One "data driven" approach to find the relationship between the variables is basically to do a linear regression to some set of prespecified functions. This requires that you have some idea about what types of functions relate the variables (for instance, that the relationship is a polynomial of degree $\leq2$).

First, make vectors: $$ X = \begin{bmatrix}x_1 \\ x_2 \\ \vdots \\ x_n \end{bmatrix}, ~~ B = \begin{bmatrix}b_1 \\ b_2 \\ \vdots \\ b_n \end{bmatrix}, ~~ C = \begin{bmatrix}c_1 \\ c_2 \\ \vdots \\ c_n \end{bmatrix}, ~~ D = \begin{bmatrix}d_1 \\ d_2 \\ \vdots \\ d_n \end{bmatrix},~~ $$

Now, construct a "library" of possible relationships between your variables. The columns of this matrix shoukd be functions of the variables $x,b,c,d$ applied to each data point. For example, if you expect a polynomial relationship of degree$\leq 2$ you could make the library: $$ A = \begin{bmatrix} | & | & | & | & | & | & | & | & & | \\ 1 & X & B & C & D & X^2 & XB & XC & ... &D^2\\ | & | & | & | & | & | & | & | & & | \end{bmatrix} $$ where, for example, $$ XB = \begin{bmatrix}x_1b_1 \\ x_2b_2 \\ \vdots \\ x_nb_n \end{bmatrix}, ~~ $$

More generally, any column could be $f(X,B,C,D)$ where the $-$-the entry of this column is simply $f(x_i,b_i,c_i,d_i)$.

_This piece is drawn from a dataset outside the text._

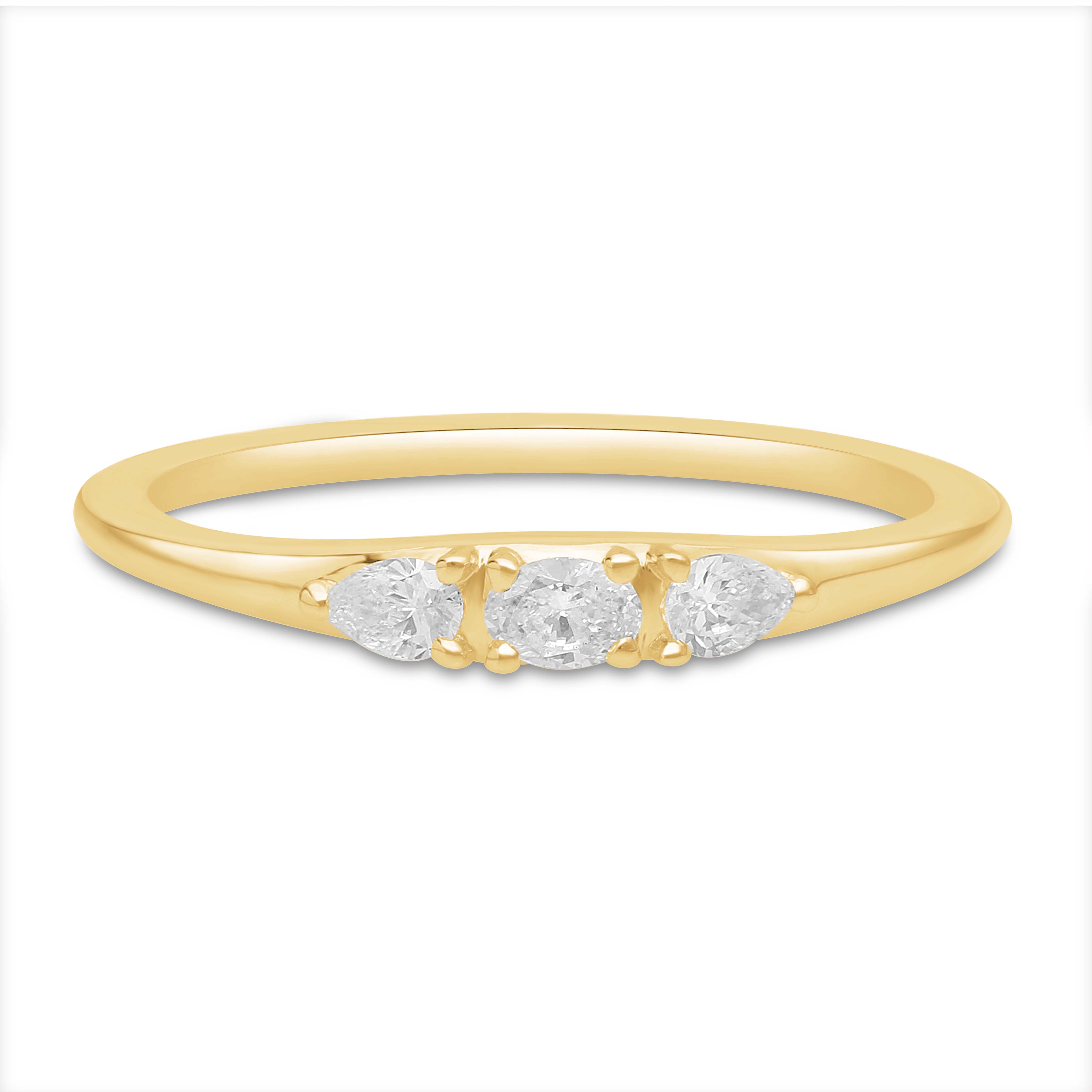 This stunning 14K Gold ring features a brilliant oval centerpiece flanked by luminous pear-cut diamonds. The elegant flow of the three stones symbolizes the beautiful, continuous sweep of a shared lifetime-past, present, and future glittering with profound, focused clarity and grace.

Now note that that the product $Ac$ gives a linear combination (weighted sum) of these entries. So you can solve $Ac = Y$ to find the relationship between the columns of your library. Of course, in practice you will have to solve the least squares problem $\min_c \Vert Y-Ac \Vert$.

If your data exactly satisfies $y=(xb-b)+c+d$ then you will $c$ will have a coefficient of 1 on the $XB$ column, $-1$ on the $B$ column, $1$ on the C and D columns, and 0 everywhere else.

Example

Suppose we have data:

Y,   X,  B,  C,  D
16,  6,  2,  2,  4
22,  2,  7,  6,  9
5,   1,  4,  1,  4
33,  5,  7,  0,  5
13,  1,  4,  9,  4

If we know that $Y$ is a linear function of X, B, C, D, and XB. We can form our library A = [X,B,C,D,XB]

[[ 6,  2,  2,  4, 12],
 [ 2,  7,  6,  9, 14],
 [ 1,  4,  1,  4,  4],
 [ 5,  7,  0,  5, 35],
 [ 1,  4,  9,  4,  4]]

Now, solving the least squares problem gives:

x = [0,-1,1,1,1]

This tells us that $y = 0\cdot x + -1\cdot b + 1\cdot c+1\cdot d+1\cdot xb$ which is exactly what we expected.

Now, if you didn't know that the only product term would be $xb$, you could have added more functions to the library and ideally the least squares would give coefficients of 0 for these functions (in our example we get a coefficient of 0 for $x$ since there is no $x$ term in the relationship). The results will vary depending on the amount of data you have, and how noisy it is. If you think the relationship is simple, you could promote sparsity through L1 regularization by instead solving: $$ \min_c \Vert Y-Ac \Vert_2 + \lambda \Vert c \Vert_1 $$ where $\lambda$ is a tune-able parameter.